BEGIN Data excerpt

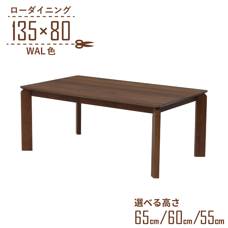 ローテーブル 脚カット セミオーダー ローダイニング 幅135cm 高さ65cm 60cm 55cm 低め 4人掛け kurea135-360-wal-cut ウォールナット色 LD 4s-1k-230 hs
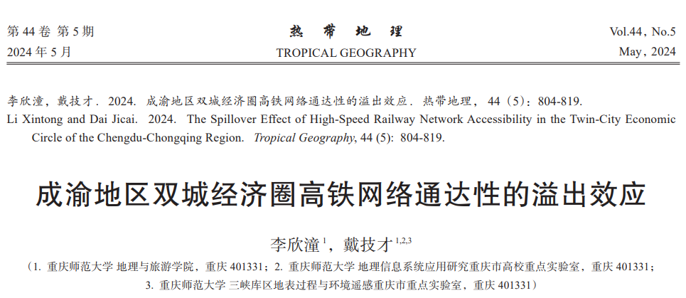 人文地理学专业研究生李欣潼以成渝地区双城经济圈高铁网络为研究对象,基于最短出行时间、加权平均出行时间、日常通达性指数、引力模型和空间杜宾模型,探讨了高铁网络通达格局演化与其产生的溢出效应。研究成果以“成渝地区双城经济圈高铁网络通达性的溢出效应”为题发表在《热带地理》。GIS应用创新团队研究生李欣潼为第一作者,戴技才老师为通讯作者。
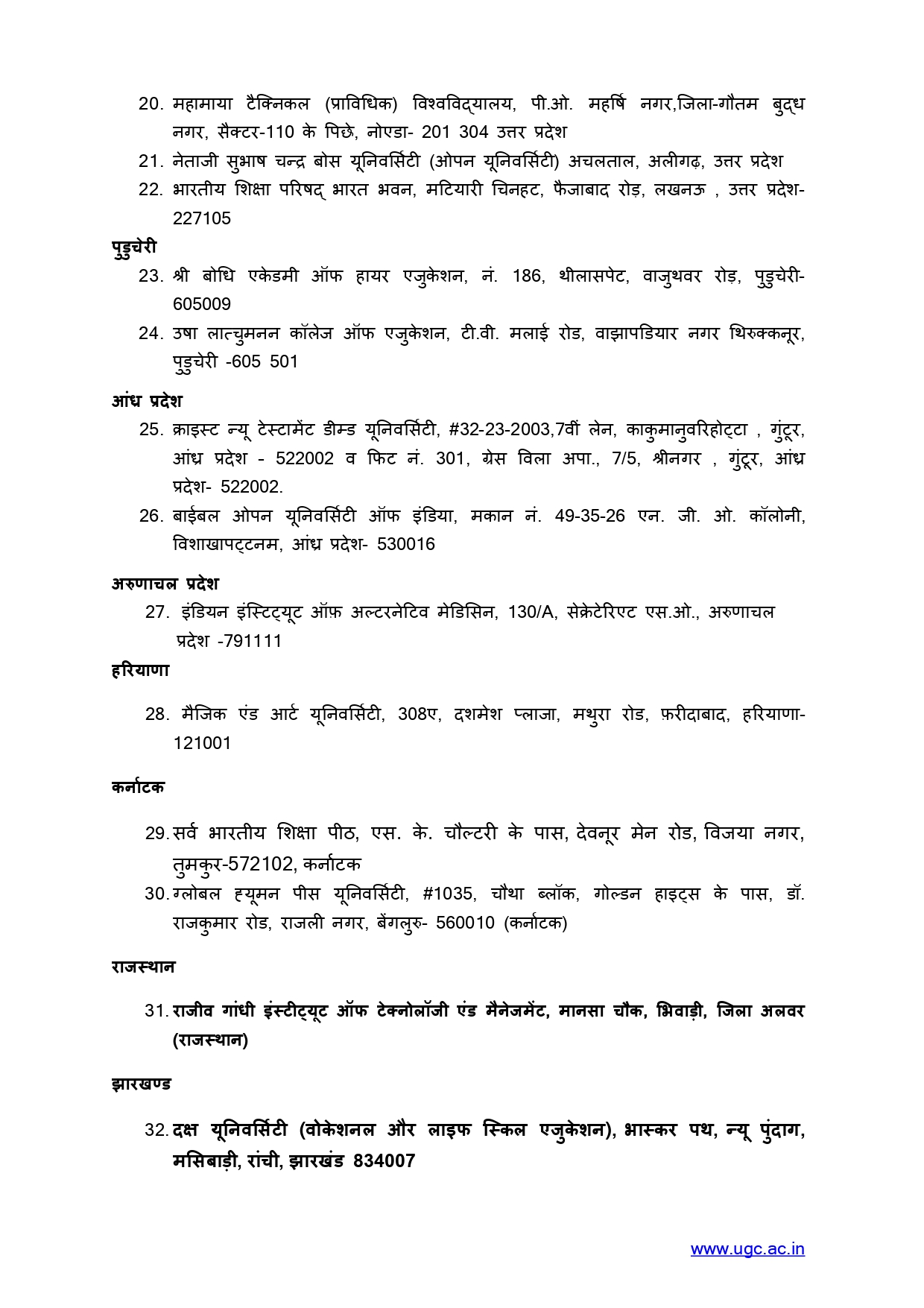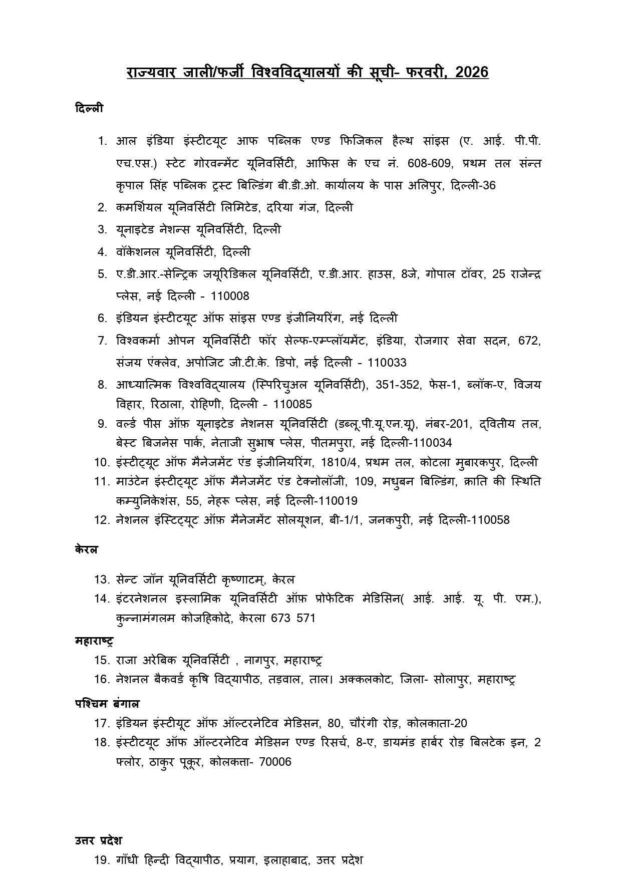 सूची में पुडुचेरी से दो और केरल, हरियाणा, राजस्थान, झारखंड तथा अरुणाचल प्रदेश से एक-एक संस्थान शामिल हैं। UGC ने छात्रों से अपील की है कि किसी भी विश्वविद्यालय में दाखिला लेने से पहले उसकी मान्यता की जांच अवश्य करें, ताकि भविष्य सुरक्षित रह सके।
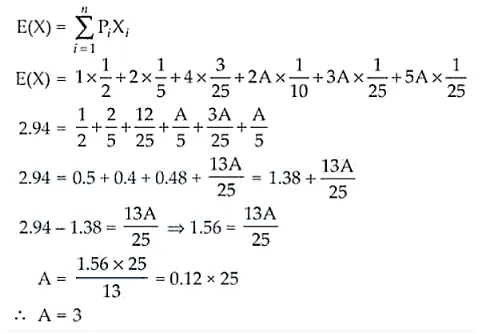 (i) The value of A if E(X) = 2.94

END Data excerpt

### Activity
No pictures, please. Output the listing above exactly as it stands.

### Exercise answer
 ローテーブル 脚カット セミオーダー ローダイニング 幅135cm 高さ65cm 60cm 55cm 低め 4人掛け kurea135-360-wal-cut ウォールナット色 LD 4s-1k-230 hs
 人文地理学专业研究生李欣潼以成渝地区双城经济圈高铁网络为研究对象,基于最短出行时间、加权平均出行时间、日常通达性指数、引力模型和空间杜宾模型,探讨了高铁网络通达格局演化与其产生的溢出效应。研究成果以“成渝地区双城经济圈高铁网络通达性的溢出效应”为题发表在《热带地理》。GIS应用创新团队研究生李欣潼为第一作者,戴技才老师为通讯作者。
 सूची में पुडुचेरी से दो और केरल, हरियाणा, राजस्थान, झारखंड तथा अरुणाचल प्रदेश से एक-एक संस्थान शामिल हैं। UGC ने छात्रों से अपील की है कि किसी भी विश्वविद्यालय में दाखिला लेने से पहले उसकी मान्यता की जांच अवश्य करें, ताकि भविष्य सुरक्षित रह सके।
 (i) The value of A if E(X) = 2.94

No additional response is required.